Recognising Cayman as a jurisdiction which has committed to implementing the standards, Jeffrey Owens, the Director of the OECD’s Centre for Tax Policy and Administration, noted ahead of the G20 summit that “the Cayman Islands was one of the first jurisdictions to commit to the new standards in May 2000” when it entered into a bilateral tax information exchange agreement (TIEA) with the United States. Since then, Cayman has concluded TIEAs with a further seven countries based on the Model Agreement on Exchange of Information on Tax Matters which it, along with 10 other jurisdictions, assisted in preparing and, in 2008, introduced legislation to permit the unilateral provision of tax information which Mr Owens noted was “innovative and could speed up the process of implementing the standard”. With a total of 12 countries currently scheduled to the unilateral mechanism, Mr Owens went on to comment that he appreciated “the fact that the Cayman Islands has sought to simplify the means by which to broaden its information exchange relationships.
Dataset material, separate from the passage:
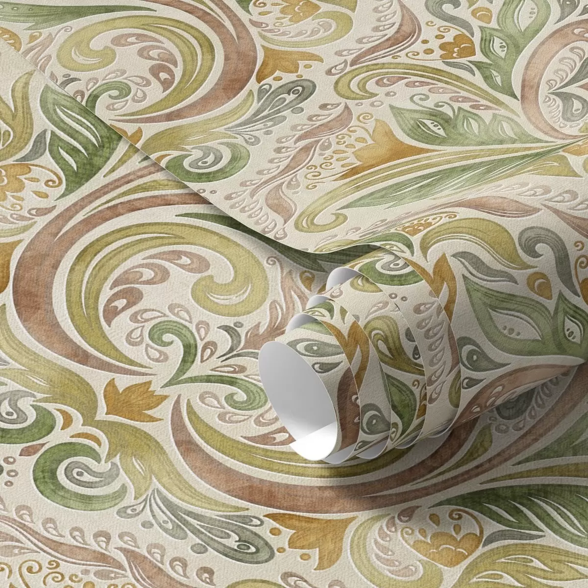 Wallpapers Watercolour leafy swirls in green and warm ochre tones Nr. a00927

The Cayman Islands is setting a good example”.
With the OECD set to complete its review of Cayman’s enabling legislation within the next few weeks, it is widely expected that, with tax transparency arrangements concluded with 4 of the G7 nations, 17 of the 30 OECD member states and bilateral treaties in place with all 27 EU nations pursuant to measures equivalent to the European Union Savings Directive, the Cayman Islands will progress to the white list at the first opportunity.
The outcome of the G20 summit represents a material change in the opinion of the major economic powers as to the vital role that smaller international financial centres (IFCs), such as the Cayman Islands, have to play in the global movement of capital. By recognising the internationally agreed standards of transparency and cooperation which exists in Cayman, the G20 leaders have, at long last, publicly recognised that the smaller IFCs are legitimate participants in global financial markets and the provision of global financial services. By 7 April 2009, less than a week after the publication of the black list, the Secretary General of the OECD, Angel Gurria, announced that the four jurisdictions featured on the black list (Costa Rica, Malaysia, Philippines and Uruguay) had provided commitments to the OECD to introduce tax transparency and information exchange sufficient for each of them to be removed to the grey list.